__Information supplied__
● ● ● ● ● ● ●

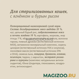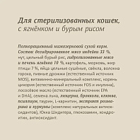 Полнорационный низкозерновой сухой корм для взрослых кастрированных котов и стерилизованных кошек с ягненком, бурым рисом, брокколи и клюквой.
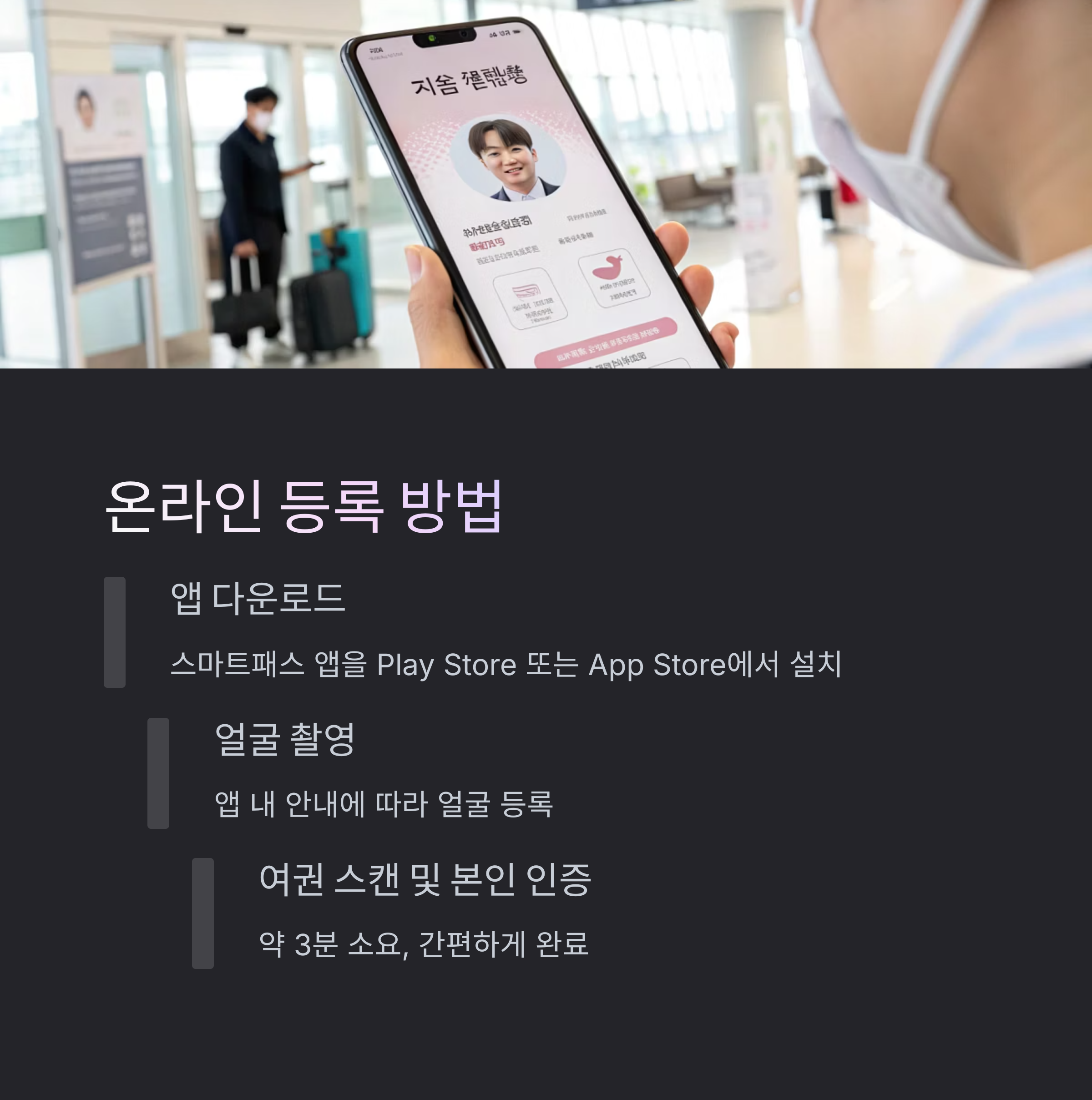 | 모바일 등록 | 스마트패스 앱(Play Store / App Store) | 약 3분 |
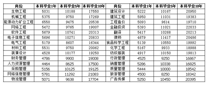下表是2020年第一季度本科畢業(yè)1年、本科畢業(yè)5年和本科畢業(yè)10年的競爭性薪酬水平:
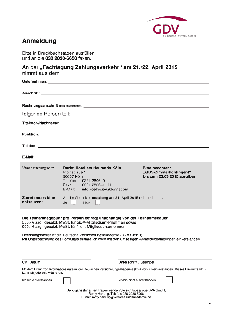 Amending Bitter in Druckbuchstaben USF Allen UND a die 030 2020-6650 faxes. A Fachtagung Zahlungsverkehr am 21./22. April 2015 night AUS them Unternehmen: Antichrist: Rechnungsanschrift (falls attached):

● ● ● ● ● ● ●

__About this task__
Write all the lines above out again exactly, minus the images.

__Solved problem__
 Полнорационный низкозерновой сухой корм для взрослых кастрированных котов и стерилизованных кошек с ягненком, бурым рисом, брокколи и клюквой.
 | 모바일 등록 | 스마트패스 앱(Play Store / App Store) | 약 3분 |
下表是2020年第一季度本科畢業(yè)1年、本科畢業(yè)5年和本科畢業(yè)10年的競爭性薪酬水平:
 Amending Bitter in Druckbuchstaben USF Allen UND a die 030 2020-6650 faxes. A Fachtagung Zahlungsverkehr am 21./22. April 2015 night AUS them Unternehmen: Antichrist: Rechnungsanschrift (falls attached):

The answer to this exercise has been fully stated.